TASK PROMPT :: In the records that follow, the lines from the one containing "This exceptional sapphire" to the one containing "ブラックに近いダークブラウン", inclusive, are to be given again exactly.

DATA SUPPLIED ::

# # # #

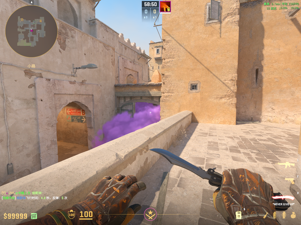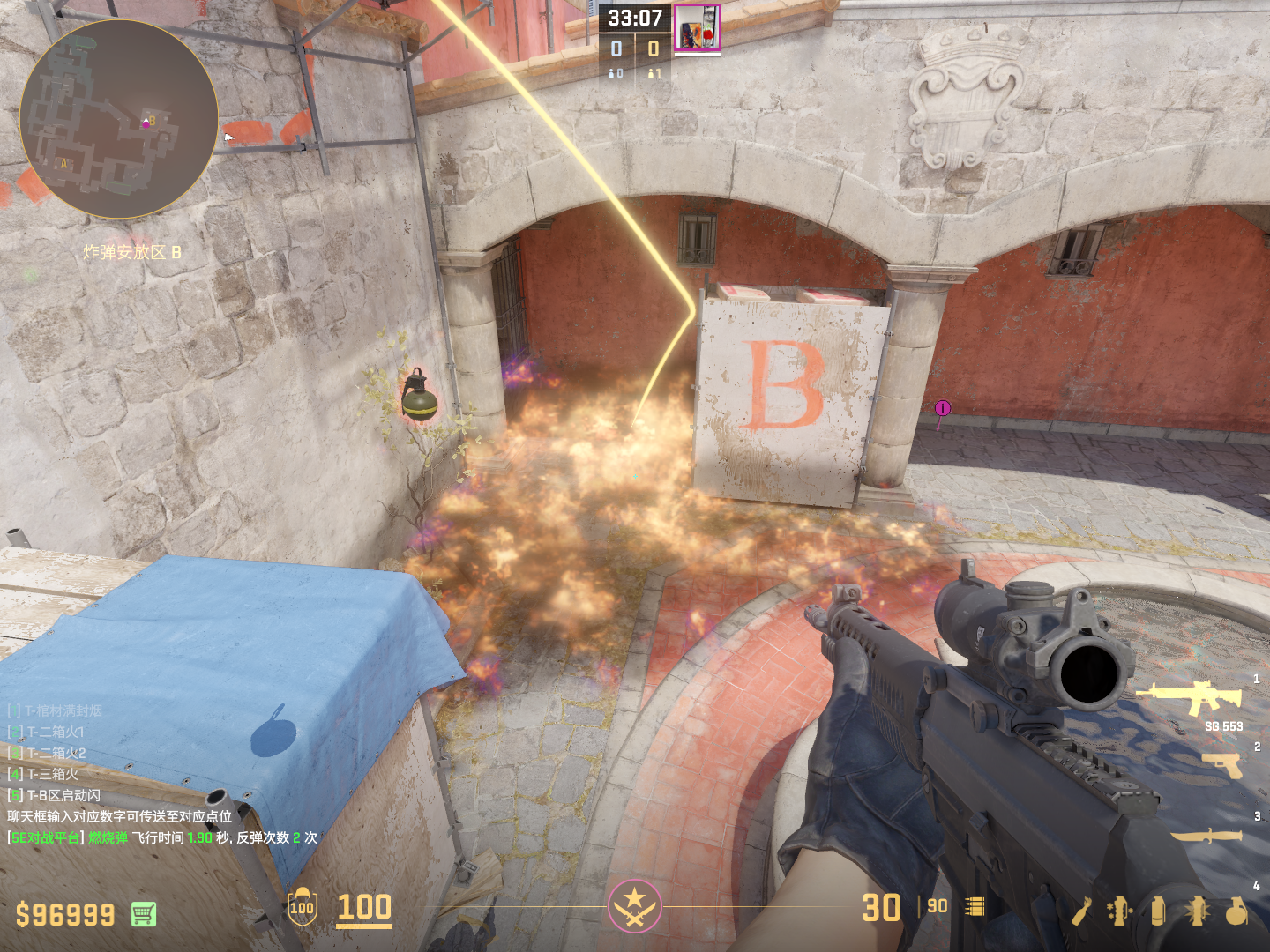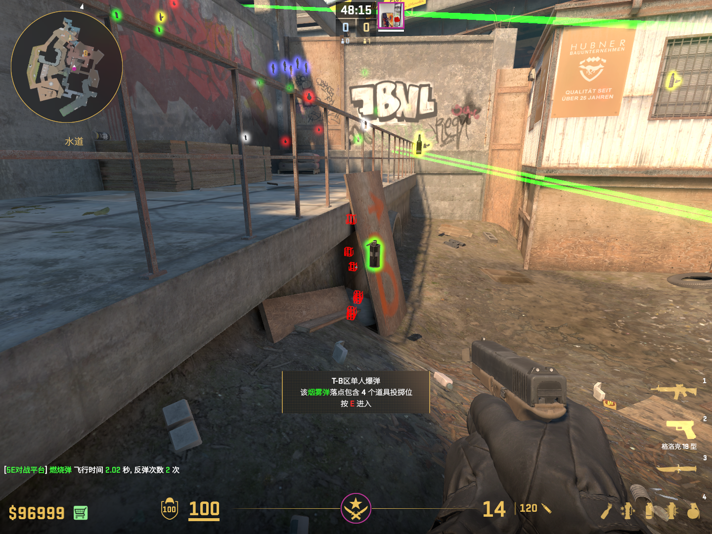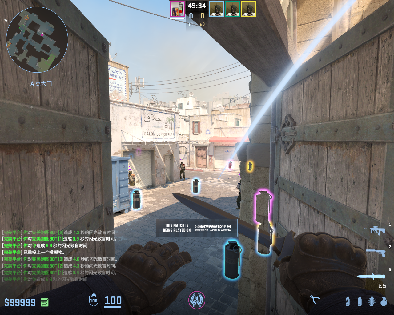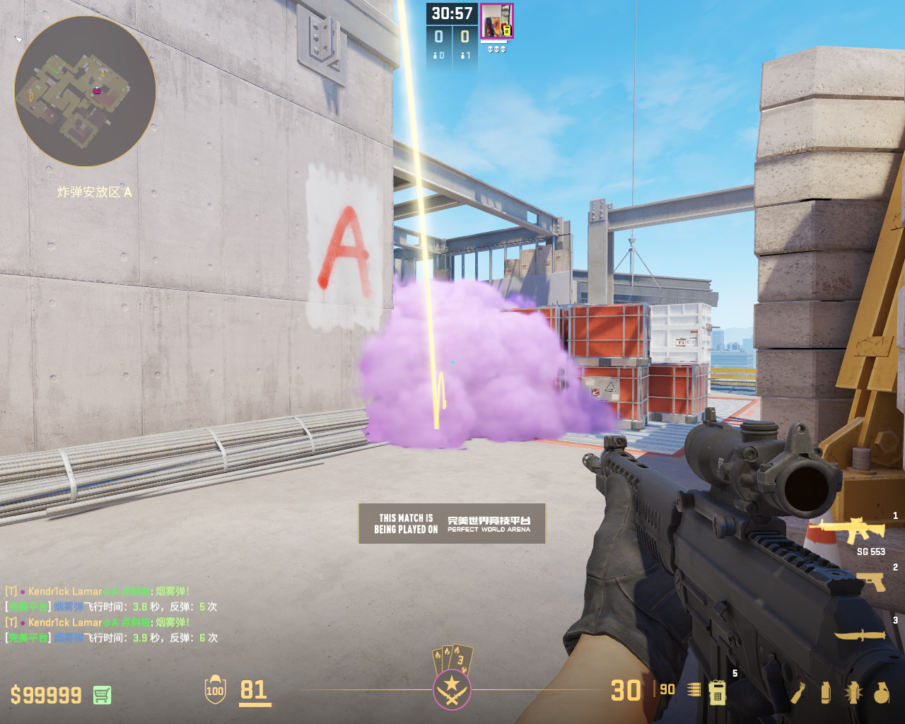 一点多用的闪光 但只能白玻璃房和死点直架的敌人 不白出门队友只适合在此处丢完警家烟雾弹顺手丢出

# # # #

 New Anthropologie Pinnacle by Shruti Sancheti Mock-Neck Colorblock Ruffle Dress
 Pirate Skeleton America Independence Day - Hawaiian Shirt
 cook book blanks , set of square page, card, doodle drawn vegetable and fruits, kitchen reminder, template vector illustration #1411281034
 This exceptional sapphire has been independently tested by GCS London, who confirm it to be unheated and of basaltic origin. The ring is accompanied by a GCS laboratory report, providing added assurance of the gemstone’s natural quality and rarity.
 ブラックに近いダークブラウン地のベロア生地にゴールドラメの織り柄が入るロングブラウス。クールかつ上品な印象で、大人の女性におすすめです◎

# # # #

OUTPUT FOR THIS TASK ::
 This exceptional sapphire has been independently tested by GCS London, who confirm it to be unheated and of basaltic origin. The ring is accompanied by a GCS laboratory report, providing added assurance of the gemstone’s natural quality and rarity.
 ブラックに近いダークブラウン地のベロア生地にゴールドラメの織り柄が入るロングブラウス。クールかつ上品な印象で、大人の女性におすすめです◎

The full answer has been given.